I’ve had great difficulty summing up my core beliefs, even with suggestions from friends and family members. Eventually, it occurred to me that I was having so much trouble because I don’t believe very deeply in anything. Several times throughout my life I’ve had what I thought were basic, strongly held beliefs shaken by events. Each time I’ve altered my beliefs to adjust to circumstances I couldn’t control, only to start all over again a few years later.
The biggest shock came to my childhood belief that my family was the most important thing in my life — a guide of how to behave and the one element that I could rely on in tough times. That ended when my uncle betrayed my trust and changed the way I thought about my family forever. I was still young but I was able to understand everything that was going on. My uncle committed adultery and as a result my family was torn apart. I had always had great respect for my uncle, but it seemed virtually impossible to continue to respect a man who committed such shameless acts. What made things even harder was the fact that my own parents seemed to be supporting him instead of punishing him. My three cousins were most affected by his actions, and the devotion I felt toward them sent me into a whirlwind of emotions. I was torn between my desire to honor to my family or adhere to moral principles I’d been taught. The conflict left me confused and indecisive. In retrospect, it would have been easy to side with my family and avoid hurting someone I’d been very close to for many years.
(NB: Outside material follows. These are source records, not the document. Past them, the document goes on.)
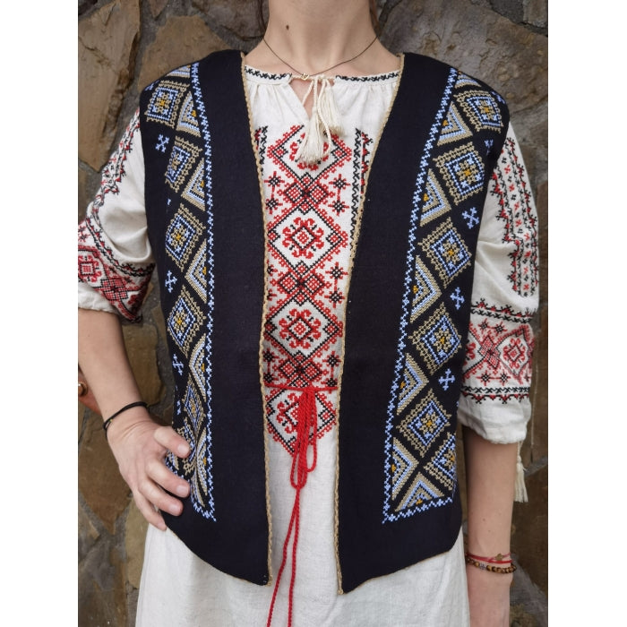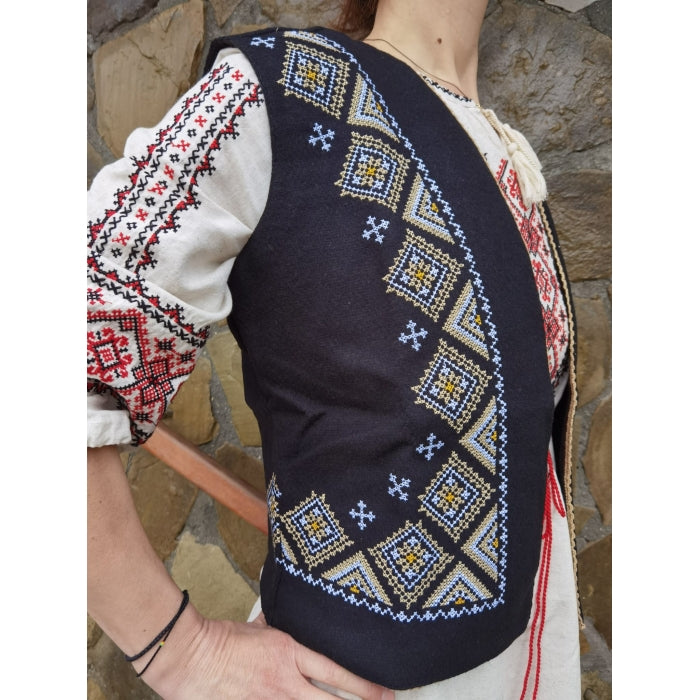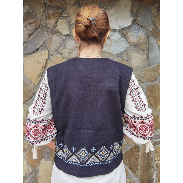 Material: stofa lana 58%, poliester 25%, acrilic 8%, nylon 7%, vascoza 1%, bumbac 1%. Broderie cusuta la masina. Captuseala din bumbac, buzunare laterale. In funtie de lot broderia pe spate poate sa fie doar in partea de jos.
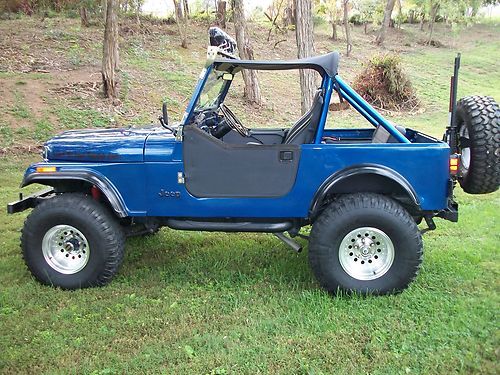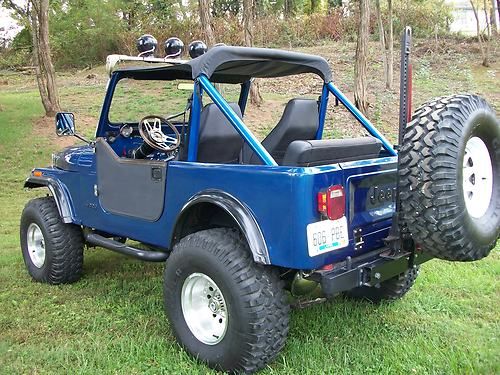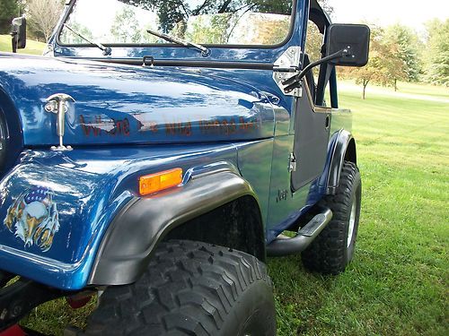 1983 Jeep CJ7, frame-off restoration, AMC 360 bored .030 over (est. 375-400 H.P.), custom cam, Edelbrock performer aluminum intake, Holley truck avenger 650 CFM carb, aircraft/AN fuel lines, Mallory distributor / ignition system, Hooker headers, glass packs (sounds nice), T-4 manual transmission, Centerforce clutch, Dana 300 transfer case, Detroit locker 4.11 gear rear differential, True-Trac 4.11 gears front differential, 4 wheel disc brakes (SS rear wheel disc conversion), single piece axles, tilt steering column, high performance AGR power steering pump, power brakes, aluminum wheels and 35x12.50 tires, complete painless wiring harness, 80 amp alternator upgrade, KC lights, Pioneer CD/stereo, Rockford/Fosgate 4-channel amp, Smithy front and rear bumpers and nerf bars, new seats, new carpet, custom paint, painted in late 2007 after a 5 year restoration, only driven approx. 1450 miles since frame-off restoration, paint is not perfect, but very nice (hardly any perfect paint jobs out there), rear seat has a small hole in bottom center, brake light has come on for some reason, but brakes work fine. have been driving it like this with no problem. I recommend coming to look at it, inspect it, drive it before bidding, I am selling this for a friend of mine as he has never used e-bay to sell a vehicle. It is in my garage and can be inspected and driven if need be. If you have negative or "0" feedback, contact me first or your bid may / will be cancelled. I reserve the right to end auction at any time for any reason even if the reserve has been met. It is for sale locally as well. Payment will be cash on pick up, or bank wire transfer. Cash is easiest, fastest, and prefered method of payment. If bank wire transfer, vehicle will not leave my possesion until I have something in writing from my bank to prove funds have been transfered, this can take up to a week. $300 deposit via pay pal within 24 hours of auction end, balance due within 7 days of auction end. Due to so many scams and non paying bidders, if deposit has not been paid within 24 hours of auction end, it will no longer be available to the winning bidder and may be re-listed or offered to second highest bidder, but the winning bidder is no longer entitled to the vehicle. Sorry about all of this, but there are too many non-paying bidders / scammers and this will not be tolerated. If vehicle is being shipped, it will not leave my possesion until paid for as stated above, buyer is responsible for setting up and paying for shipping, but I will work with shipper best I can to make transaction as smooth as possible. I can be reached thru e-bay for any questions or you can contact me at 606-219-5590. No calls after 10 pm eastern time please. I will be away from computer and may not have any cell service on Wednesday October 9 and part of day Thursday October 10th during the auction. If you can't get in touch with me, leave a message thru e-bay and I will get back to you Thursday evening.
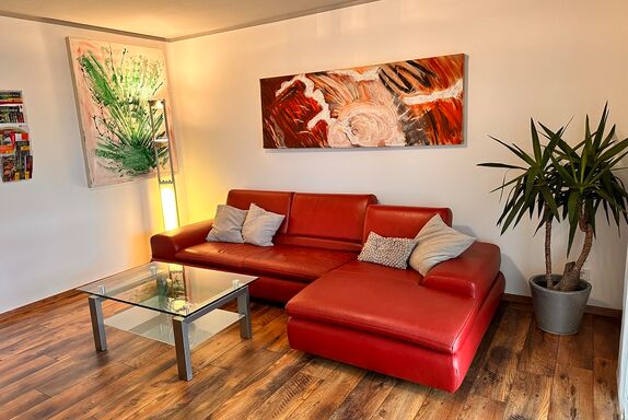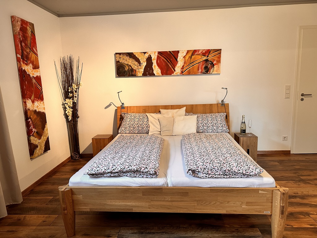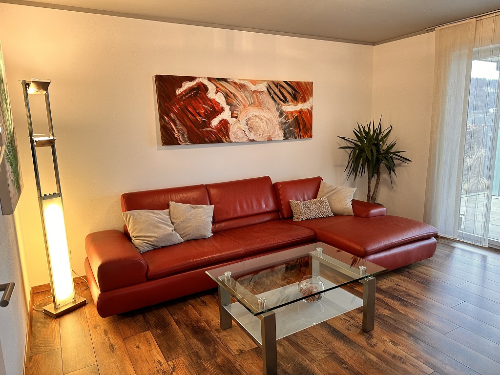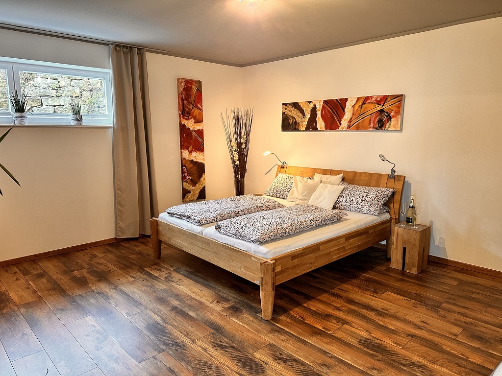 Die neu eingerichtete, harmonisch aufeinander abgestimmte Ferienwohnung, auf der Südseite im Untergeschoss unseres Hanghauses mit separatem Eingang ist 72 m² groß und verfügt über eine Küche mit Essbereich ein Wohnzimmer ein großzügiges Schlafzimmer ein Bad sowie ein separates WC. Die 35 qm großen Südterrasse ist überdacht.

This was a situation where if I based my actions on my original set of beliefs — in my family — I would have been letting myself down. The hard part came when I had to admit to myself that perhaps family doesn’t always come first. I chose to openly express the hurt and anger I felt towards my uncle, and thereby risked loosing a relationship that had been very important to me.
This wasn’t the last time that I changed a core set of beliefs, in my schoolwork and even in myself. These experiences have led me to the reluctant conclusion that a person, no matter what his or her most basic beliefs, needs to leave room for circumstances that can’t be controlled. Situations change, often dramatically, and sometimes from one day to the next, which makes it dangerous to adopt a set of unalterable beliefs. Perhaps it’s not that I don’t believe in anything, rather that I believe in adapting to the twists and turns of life. I’m most comfortable approaching every situation with an open mind. It seems liberating to me. The challenge of writing this essay showed me it may well be possible to believe in nothing and everything at the same time.